The solicitor, Nicholas St John Gething described the move as a “quick fix” which he now realised was wrong.

The tribunal heard how the solicitor was working on two property transactions and had 21 days to register both a fixed and floating charge with Companies House.

Unfortunately, Gething missed the deadline because the accompanying paperwork had been filled out incorrectly, and by the time it was returned to him by the Registrar of Companies, the 21 day time limit had elapsed.

The solicitor submitted further copies of the charges which according to this week’s ruling, “did not bear their original date, but which had instead been re-dated to make it appear that they were being delivered within the time limit”.

It later emerged that Gething had used Tipp-Ex to make it appear that the application had been submitted within the 21 days. Neither the mortgage lender or purchaser had given their consent to the re-dating of the charge, according to the ruling.

During the hearing, Gething accepted that he had altered the dates on the legal charges and on a floating charge. He also accepted, on reflection, that this was “deliberately misleading and dishonest”.
The solicitor said he was “embarrassed for having got himself into this position, and that he had thought what he had done was right at the time”. He described his actions as a “quick fix” that “ultimately had not resolved the matter”.

But the tribunal noted that while Gething “had shown some degree of insight during the hearing, he still did not appear to grasp the gravity of his actions.”

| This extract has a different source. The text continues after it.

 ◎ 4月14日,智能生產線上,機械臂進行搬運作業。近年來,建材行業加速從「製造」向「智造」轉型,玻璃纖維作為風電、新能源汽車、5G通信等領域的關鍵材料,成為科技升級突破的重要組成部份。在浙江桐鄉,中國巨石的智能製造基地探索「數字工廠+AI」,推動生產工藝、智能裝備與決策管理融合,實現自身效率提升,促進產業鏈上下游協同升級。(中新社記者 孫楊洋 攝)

It continued: “He did not seem to understand that it was inherently unacceptable to change the date on legal charges being filed on behalf of clients, and then present those charges to third parties as authentic copies of the originals, when they were not. The matter was further exacerbated by the fact that the mortgage lender and the clients were unaware of what had been done.”

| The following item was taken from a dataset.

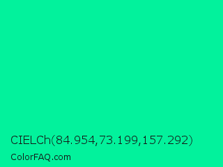 CIELCh 84.954,73.199,157.292 Color is a normal green color and the nearest color is Medium Spring Green #00fa9a. Hex code #02f29c and RGB value is rgb(2,242,156). In RGB color space, this color is composed of 1% red, 95% green, 61% blue, In CMYK color space, this color is composed of 99% cyan, 0% magenta, 36% yellow , 5% black , In HSL color space, this color has a hue angle of 159° , 98% saturation and 48% lightness.

The tribunal noted that Gething had acted “dishonestly” on two occasions, albeit within a relatively short period of time, and that his conducted had been deliberate and had been repeated. It also said the solicitor ought reasonably to have known that his conduct was in material breach of his obligations to protect the public and the reputation of the legal profession.

Gething was struck off and ordered to pay £5,700 in costs.